What Albini has in common with Patton, other than a certain determination to not give in to their audience, who just want to pigeonhole them and dumbly rock out (equals: have a good time for their hard-earned entertainment dollar) instead of understanding that they are important artists (though they wouldn’t make this claim explicitly. However, there is something in Shellac’s interminable thwarting of gig dynamics live/ Fantomos’s really un-groovable micro-thrash moments and long stretches of noodling that suggests a certain haughtiness, a certain custodians-of-the-tradition aloofness*) is a certain, boring Frat-boy sexism masquerading as straight-guy, warts-and-all honesty, an asanine, knee-jerk political incorrectness as a kind of self-aggrandising psuedo-reportage on the shadowy-corners of the human psyche**
Both of these tendencies intertwine on Shellac’s “ A Geniune Lullabelle” from their latest release, the predictably obtusely entitled " Excellent Italian Greyhound" which not only breaks down into silence half-way through and then spends half of it’s nine-minute running time with Albini expounding on a particular woman who “knows her way around a cock”***(not an expert poultry farmer, presumably) amid a chorus of radio presenter style voices intoning the song’s title. It’s deeply unedifying. An Italian women speaks at the end of the track and that, along with the album's title, suggests that this is Albini getting back at an ex-girlfriend, which also renders it pitiful, but not, hey, in any kind of revealingly interesting way.

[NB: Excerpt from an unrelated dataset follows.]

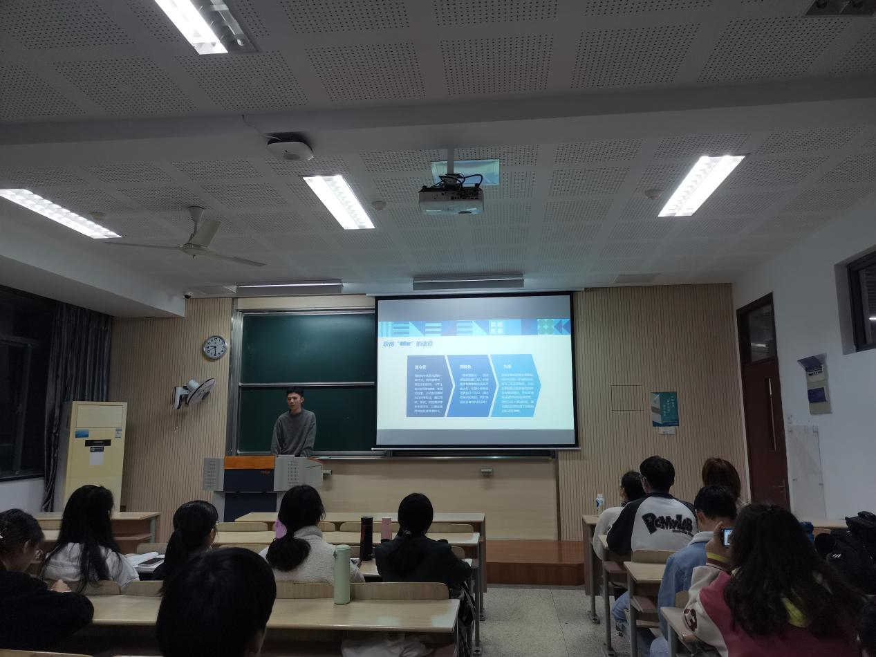 祝晗旭同学现已保研至中科院宁波材料所,他首先为同学们详细解读了保研政策中的保研要求和加分项目,鼓励大家积极参与志愿服务、培养奉献精神,还为同学们梳理了保研流程时间线,进一步对“如何获得‘offer’”、“学硕or专硕”、“硕博连读or直博”等问题进行拓展,语言风趣,干货满满。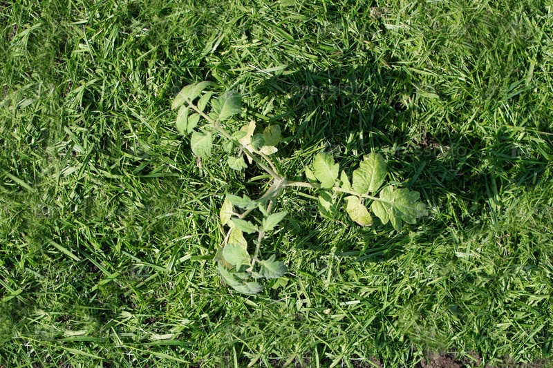 Мульчирование верхнего слоя почвы на овощной грядке скошенной травой с газона. производство биогумусных органических удобрений. Эрозия земли

The whole feel of Shellac, indeed all of Albini’s post Big Black stuff is increasingly arch and dessicated, the beauty of "Songs about Fucking" and "Atomizer," apart from the propulsive disco drum patterns was the sheer range of guitar sounds, the immense Lysergic surge of "Kerosene", the irradiated intensity of their version of "The Model." While Shellac are democratic, intricate, nimble, galvanized, springy there's also something negligible, throwaway about them, something scrawny and par-boiled, that brings Albini’s paucity of character as a lyricist, and the poverty of his persona to the fore, all of which undermines the whole project fatally.
*Witness of course also "Terraforms" relentlessly dull and undynamic ten minute long, two-note thudalongs through which you could practically feel Albini smirking at your increasing dismay.
** And if we’re being self-aggrandising, then listen, lads, I don’t need YOU to investigate the mind’s tenebrous hinterland on my behalf, I’m perfectly prepared to pull on me waders and slop through that marshy, infested terrain of my own accord, ta very much!
*** Same goes for his neurotic anti-art-phag assertions, one of those guys who finds it impossible to say whether another man is handsome or not as they just literally CANT SEE IT , because they are TOO STRAIGHT. Now I don’t wan’t to suggest that all homophobes/mysoginists are repressed homosexuals/sexual inadequates but Albini’s world has had a slavering obsession with big dicks/phallic power from the start, “Big Black” was taken from the Tenessee William's story about a slave who rapes a girl (no doubt an immaculately-manicured, finely-boned Wasp princess) the grimacing animes on the cover of “Songs about Fucking” sealed his Hentai credentials, then of course he formed “Rapeman.” Conclusion: he’s a geeky sexual inadequate who slavers over big, cervix-pummeling cocks. Suffer you bitches, suffer!
Is that too obvious? Rememember the maxim. Sometimes trite is right!
At which point, it's only fair to say that anyone who has had the great good fortune to have met the Impostume in the flesh (or....read his blog) will be musing kettleblackpottishly re the Impostume’s own deployment at momets of heightened anxiety (ie. when interacting with others) of strategies that could well be described as sardonic. True enough, but this is the least appealing aspect of his character and if you were to determindley avoid him, you’d be absolutely in the right. And besides, to paraphrase the resolutely unsardonic Minor Threat, " At least I'm fucking trying, what the fuck have THEY done?"